Another important point to consider is that the survey in question focused solely on respondents’ current place of residence, without accounting for their place of upbringing. Following German reunification, population movements occurred in both directions between East and West, which are not reflected in the survey data but likely continue to exert a significant influence on individuals’ preferences.
In addition to assessing the availability of sufficient capacities for flexible childcare, it is important to critically evaluate and ensure the quality of childcare services. Accordingly, the implications of this paper should not be limited to considerations of quantity, but must also address the quality of childcare provision, situating both dimensions within a broader socio-historical context.

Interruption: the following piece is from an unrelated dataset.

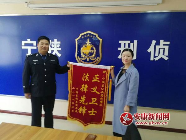 安康新聞網(wǎng)訊(通訊員 張敏 鄧皓)4月9日,寧陜縣城關(guān)鎮(zhèn)居民呂女士來到寧陜縣公安局刑偵大隊(duì)一中隊(duì),為辦案民警送上一面印有“正義衛(wèi)士,法律先鋒”字樣的錦旗……
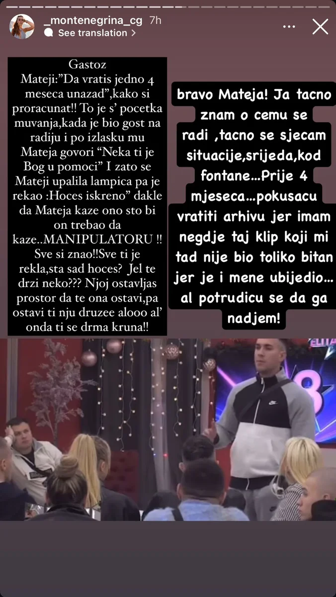 Gastoz Mateji: “Da vratiš jedno četiri meseca unazad”, kako si proračunat! To je s početka muvanja kad je bio gost u radiju i po izlasku mu Mateja govori: “Neka ti je Bog u pomoći”. I zato se Mateji upalila lampica, pa je rekao: “Hoćeš iskreno?”, dakle da Mateja kaže ono što bi on trebao da kaže… Manipulatoru! Sve si znao! Sve ti je rekla, šta sad hoćeš? Je l’ te drži neko? Njoj ostavljaš prostor da te ona ostavi, pa ostavi ti nju druže, ali onda ti se drma kruna – glasila je poruka na profilu Anđeline podrške, koja se takođe složila sa rečima Mateje Matijevića:

The reasons for the significantly higher number of participants from the Western federal states remain unclear. Generally, the FARBEN survey in Germany was conducted and promoted by a research team that operates mainly in the Western federal states (Schleswig-Holstein and Bavaria). At the time of the survey, only one physician in Berlin was involved in the working group, while all other members were working in the Western federal states, which may have influenced recruitment. Whether the absence of gynecologists from other Eastern federal states in the working group may have affected recruitment remains speculative.

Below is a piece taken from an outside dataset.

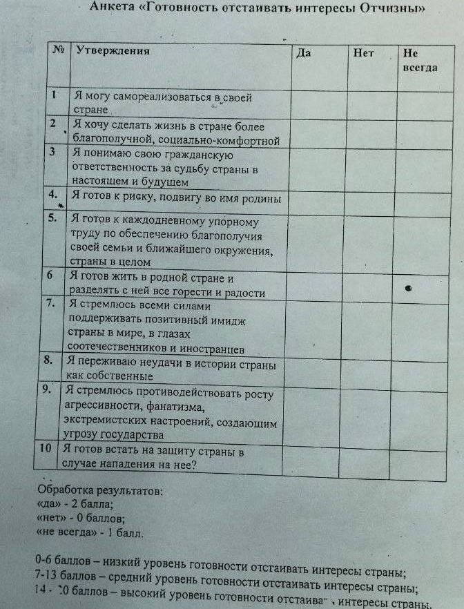 Вопросов в анкете десять, некоторые из них связаны с войной — учеников спрашивали, готовы ли они рисковать и совершать подвиг «во имя родины», «встать на защиту страны в случае нападения на нее». Остальные, судя по всему, проверяют «уровень патриотизма» среди молодежи.

Looking ahead, future studies could benefit from a longitudinal or repeated-measures design to better understand causal relationships between regional background, career preferences, and work-life balance. To improve generalizability, future surveys should aim for a more balanced or stratified sample across all federal states, possibly by involving a broader network of collaborators from Eastern regions. Furthermore, these findings can inform the development of more sustainable and regionally tailored working time models and childcare strategies, supporting gender equality and long-term career satisfaction in gynecology and obstetrics.
Conclusion
This study highlighted persistent regional differences in family planning, career preferences, and working time models among gynecologists in Germany, shaped by historical policy legacies. The findings underscore the importance of regionally tailored, flexible work structures and reliable childcare solutions to support work-family balance. To promote gender equality and long-term retention in gynecology, future efforts should prioritize sustainable, family-friendly workplace policies informed by both historical context and current needs.
The fundamentally different family policies in the former GDR and West Germany have lasting effects that are still felt today in both parts of the Federal Republic of Germany. The younger age of motherhood and lower rate of childlessness among female gynecologists in the East, as observed in our analysis, correspond to current birth rates in the population and the generally higher rate of childlessness among Western female academics.